Christensen’s disruptive innovation framework offers several useful insights for low-carbon transitions (although similar ideas can also be found elsewhere). First, it suggests that incumbent firms tend to focus their innovation efforts on sustaining technologies (which improve performance along established criteria), while new entrants tend to develop disruptive technologies (which offer different value propositions). Second, it proposes that disruptive technologies emerge in small peripheral niches, where early adopters are attracted by the technology’s new functionalities. Third, incumbent firms may initially overlook or under-estimate disruptive technologies (because of established beliefs) or are not interested in them, because the limited return on-investments associated with small markets do not fit with existing business models. Fourth, price/performance improvements may enable disruptive technologies to enter larger markets, out-compete existing technologies and overthrow incumbent firms

Worth pointing out right away, Geels has no interest in the “intrinsic merits” of the disruptive innovation framework that Christiansen talks about. Rather, he focuses on applying that technique to reducing/eliminating Carbon emissions from society.

Christiansen’s idea could be applied fairly practically to business, where new players want to establish themselves. However, Geels “weaponizes” this idea and wants to apply it with the climate-change agenda.

Geels also makes it obvious that overthrowing incumbents is a priority. Again, Christiansen’s writings were meant with the business approach, and trying to start your own, but Geels “repurposes” it.

While Christensen’s framework focuses on technical and business dimensions, the MLP also accommodates consumption, cultural, and socio-political dimensions. Although co-evolution has always been a core concept in the MLP, this is even more important for low-carbon transitions, which are goal-oriented or ‘purposive’ in the sense of addressing the problem of climate change. This makes them different from historical transitions which were largely ‘emergent’, with entrepreneurs exploiting the commercial opportunities offered by new technology

[27]. Because climate protection is a public good, private actors (e.g. firms, consumers) have limited incentives to address it owing to free rider problems and prisoner’s dilemmas. This means that public policy must play a central role in supporting the emergence and deployment of low-carbon innovations and changing the economic frame conditions (via taxes, subsidies, regulations, standards) that incentivize firms, consumers and other actors. However, substantial policy changes involve political struggles and public debate because: “[w]hatever can be done through the State will depend upon generating widespread political support from citizens within the context of democratic rights and freedoms” ([28]: 91).

Again, Geels hijacking a legitimate business concept, but using it for his enviro agenda.

How to implement this?
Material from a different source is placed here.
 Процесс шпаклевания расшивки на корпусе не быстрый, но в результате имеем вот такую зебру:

Taxes, subsidies, regulations, standards for businesses and consumers. Use these to regulate and influence behaviour.

Geels rightly says that widespread political support will be needed. But he frames the climate change scam as a way to protect rights and freedoms. Nice bait-and-switch.

Conceptually, this means that we should analyse socio-technical transitions as multi-dimensional struggles between niche-innovations and existing regimes. These struggles include: economic competition between old and new technologies; business struggles between new entrants and incumbents; political struggles over adjustments in regulations, standards, subsidies and taxes; discursive struggles over problem framings and social acceptance; and struggles between new user practices and mainstream ones.
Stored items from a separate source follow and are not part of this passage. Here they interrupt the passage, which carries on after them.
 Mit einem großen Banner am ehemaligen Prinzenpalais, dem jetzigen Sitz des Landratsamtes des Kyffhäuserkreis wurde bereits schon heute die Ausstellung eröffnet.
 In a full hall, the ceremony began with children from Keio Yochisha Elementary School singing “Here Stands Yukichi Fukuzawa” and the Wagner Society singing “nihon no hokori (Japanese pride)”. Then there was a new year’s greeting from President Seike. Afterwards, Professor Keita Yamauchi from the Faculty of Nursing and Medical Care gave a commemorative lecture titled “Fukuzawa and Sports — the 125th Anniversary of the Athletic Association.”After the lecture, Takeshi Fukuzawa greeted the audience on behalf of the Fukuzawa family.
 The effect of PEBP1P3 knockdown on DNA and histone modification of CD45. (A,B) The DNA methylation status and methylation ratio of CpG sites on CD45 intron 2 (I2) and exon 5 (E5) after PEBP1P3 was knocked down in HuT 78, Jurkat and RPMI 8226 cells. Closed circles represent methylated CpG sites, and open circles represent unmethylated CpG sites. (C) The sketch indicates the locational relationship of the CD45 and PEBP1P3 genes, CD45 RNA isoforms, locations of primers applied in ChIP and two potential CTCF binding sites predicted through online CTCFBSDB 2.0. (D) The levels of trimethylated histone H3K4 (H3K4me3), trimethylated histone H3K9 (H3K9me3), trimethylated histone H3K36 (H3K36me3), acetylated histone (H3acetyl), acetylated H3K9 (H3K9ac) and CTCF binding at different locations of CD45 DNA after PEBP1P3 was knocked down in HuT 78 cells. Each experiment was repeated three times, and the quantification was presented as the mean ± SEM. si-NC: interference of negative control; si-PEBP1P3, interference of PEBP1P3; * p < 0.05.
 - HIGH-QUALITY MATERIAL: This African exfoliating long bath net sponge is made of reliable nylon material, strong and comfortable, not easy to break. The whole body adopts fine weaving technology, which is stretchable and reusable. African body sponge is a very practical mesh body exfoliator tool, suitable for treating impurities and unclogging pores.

Despite Geels’ article being published in the Journal, “ENERGY RESEARCH AND SOCIAL SCIENCE”, this anything but scientific. If anything, it seems analogous to the “lawfare” that Islamic groups perpetuate on democratic societies.

While Geels promotes economic competition, this is anything but a fair competition. He also calls for:

  • Political struggles over regulations
  • New standards
  • Subsidies
  • Taxes
  • Discursive struggles over problem framings & social acceptance
  • Struggles between new and mainstream user practices

There is nothing scientific here. This is a call for using “political” manoeuvering for achieving social goals.

The importance of public engagement, social acceptance and political feasibility is often overlooked in technocratic government strategies and model-based scenarios, which focus on techno-economic dimensions to identify least-cost pathways [32]. In the UK, which is characterized by closed policy networks and top-down policy style, this neglect has led to many problems, which are undermining the low carbon transition.

• Onshore wind experienced local protests and permit problems, leading to negative public discourses and a political backlash, culminating in a post-2020 moratorium.

• Shale gas experienced public controversies after it was pushed through without sufficient consultation.

• Energy-saving measures in homes were scrapped in 2015, after the Green Deal flagship policy(introduced in2013) spectacularly failed, because it was overly complicated and poorly designed, leading to limited uptake.

• The 2006 zero-carbon homes target, which stipulated that all new homes should be carbon-neutral by 2016, was scrapped in 2015, because of resistance by major housebuilders and limited consumer interest.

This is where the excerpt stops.